Alice and Bob are essentially working from different premises, so they cannot resolve their differences with logic. While Bob's part of the discussion may not be helpful or nice, it is not using invalid logic.

You could potentially say that there is a logical fallacy in Bob's reasoning in that he quotes a single source and follows from that that there is "a lot" of evidence. However this does not appear to be what your question is about.

  • 2
    Isn't there some fallacy in incorrectly assuming X = "Alice had read the article" implies Y = "Alice does not refute premise 2" and dismissing any other cause of Y? Or refusing to believe the other person claiming X (even if they're the only person who can know X for certain)? Or refusing to answer the question that was asked, i.e. refusing to back up their claim [about what the article shows] in any way?
    – NotThatGuy
    Commented Nov 7, 2019 at 12:50
  • 7
    +1 simply for the "Being wrong doesn't mean you're committing a fallacy." A fallacy is the logic being unsound; being wrong can also mean you just have the wrong inputs. Bob has an input of "This article is factual".
    – Kevin
    Commented Nov 7, 2019 at 16:54
  • Oh oops I just realised I think I am committing one of the common fallacies in my second syllogism :P I think the consequent and the second premise should be swapped? Then I would have to rewrite some stuff...
    – Nacht
    Commented May 10, 2020 at 9:20

I agree with J.D.'s Inappropriate Shift of Burden of Proof. Since Bob is making the claim, Bob should have the burden of making the argument and evidence really clear, but Bob inappropriately shifts it to Alice. But Alice does not have the burden of proof here, Bob does.

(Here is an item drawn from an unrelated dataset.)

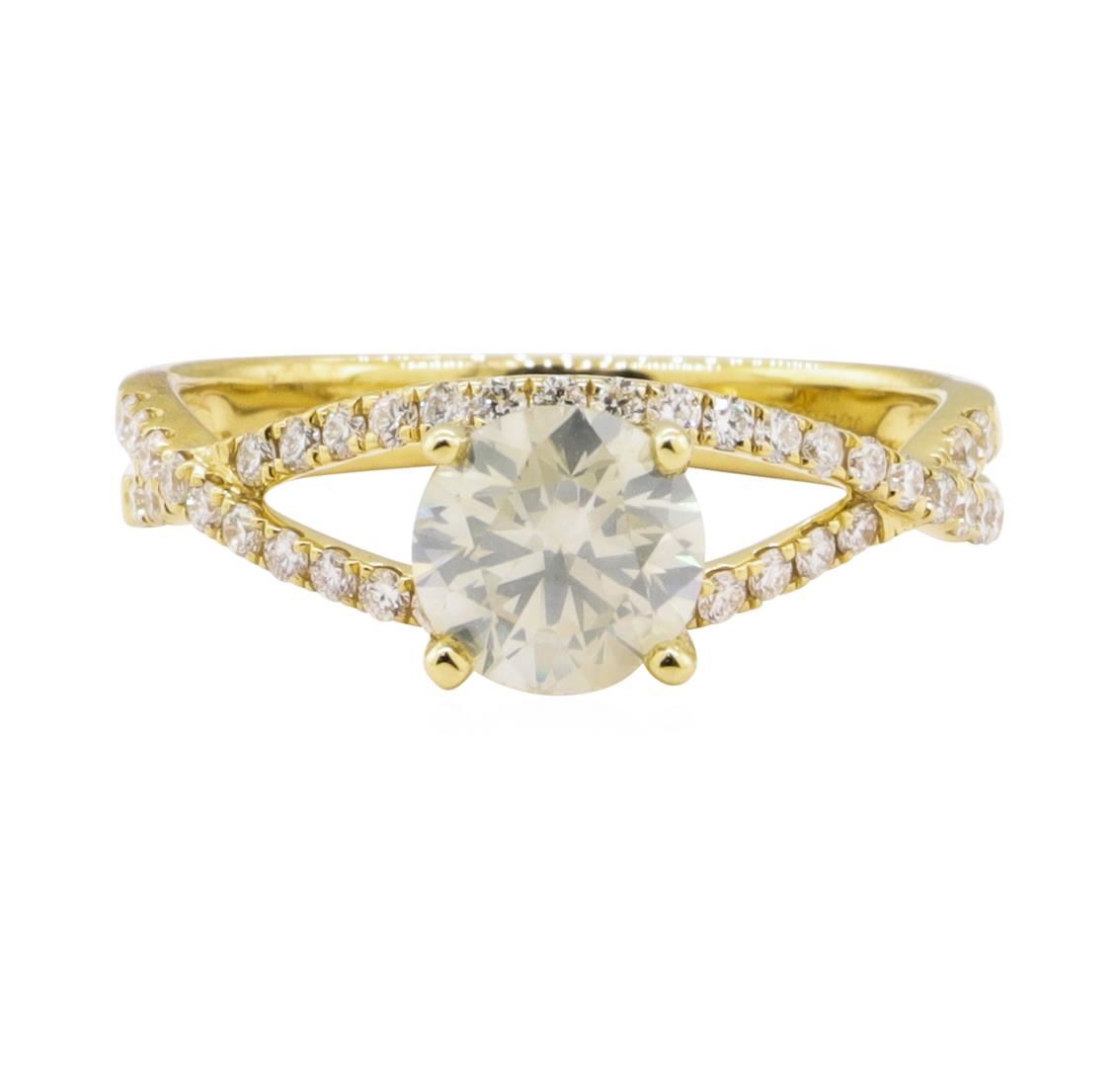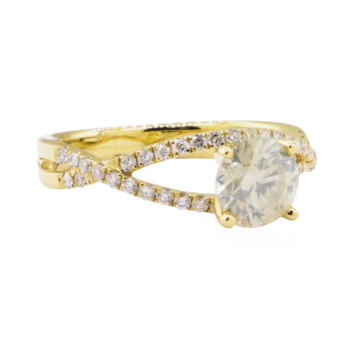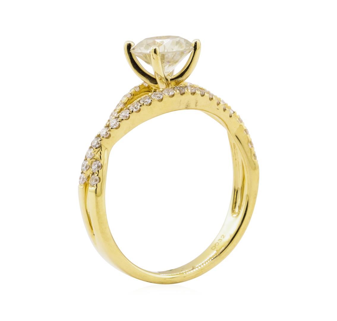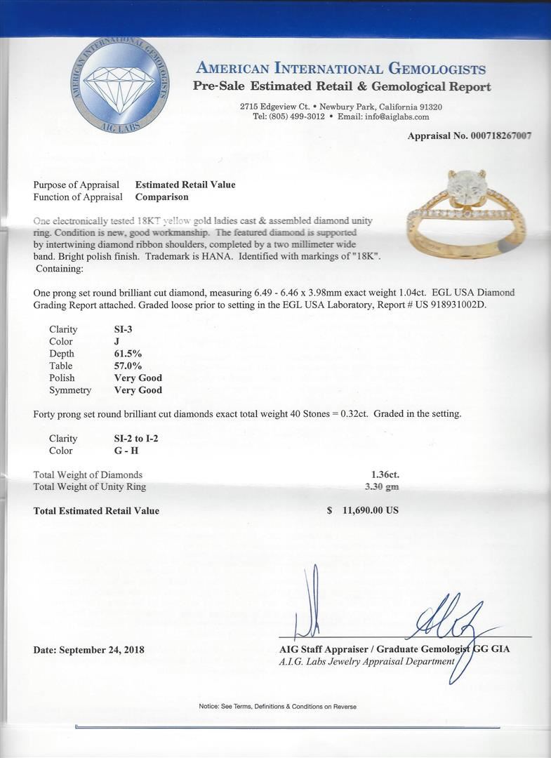 One electronically tested 18KT yellow gold ladies cast & assembled diamond unity ring. Condition is new, good workmanship. The featured diamond is supported by intertwining diamond ribbon shoulders, completed by a two millimeter wide band. Bright polish ?nish. Trademark is HANA. Identi?ed with mark mgs of "18K Containing: One prong set round brilliant cut diamond, measuring 6.49 - 6.46 x 3.98mm exact Weight l.O4ct. EGL USA Diamond Grading Repon attached. Graded loose prior to setting in the EGL USA Laboratory, Report # US 918931002D. Clarity SI-3 Color J Depth 61.5% Table 57.0% Posh Very Good Symmetry Very Good Forty prong set round brilliant cut diamonds exact total weight 40 Stones = 0.32ct. Graded in the setting Clarity S1-2 to I-2 Color G - H Total Weight of Diamonds 1.36ct. Total Weight of Unity Ring 3.30 gm Total Estimated Retail Value S 11,690.00 US
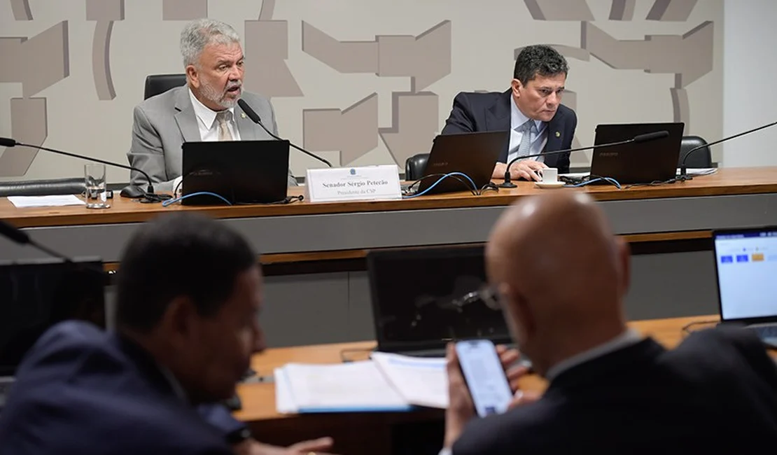 Os senadores Sérgio Petecão, presidente da comissão, e Sergio Moro na reunião da CSP - Foto: Saulo Cruz/Agência Senado

But I also smell a bit of Appeal to Authority here: Bob is pointing to the article (and the science that is implicitly assumed to be behind it) to try and make Alice think that if it is in an article, it must be true!


What you have said is that the referenced source or citation does not support the claim. This happens all the time, and editors of journals will send you requests for changing the writing. It isn't really a logical fallacy since the author isn't providing a formal logical reasoning for his statement. It might be considered misstating the reference.

This has become a very serious problem for online sources and eBooks since there are no page numbers. One thing that I have considered is providing a text string that the reader can search for.

Another problem is that the citation may refer to a document that is a known forgery. This is a major problem with extremist groups. I'm not going to give examples, but if you pick any religion xxxx then search with google for "anti-xxxx forgeries" (Do not include quotation marks in Google search field.) This includes fake news, fake documents, rumors, etc.

Since logical fallacies have a specific meaning that may not appropriate in this category, I would consider it poor, misleading, or fake research.


One word for this is obscurantism, in the sense of being deliberately vague, abstruse or recondite in order to discourage further inquiry.


Munchauseen, or some variation, applies to it all. All fallacies are variations of it. It is a simple catch all fallacy and as complex as you need it to be.

As to your points:

  1. Assumption.

  2. Assumption/Circularity.

  3. Infinite Regress.

  4. Assumption (point of view, agrippa's fallacies).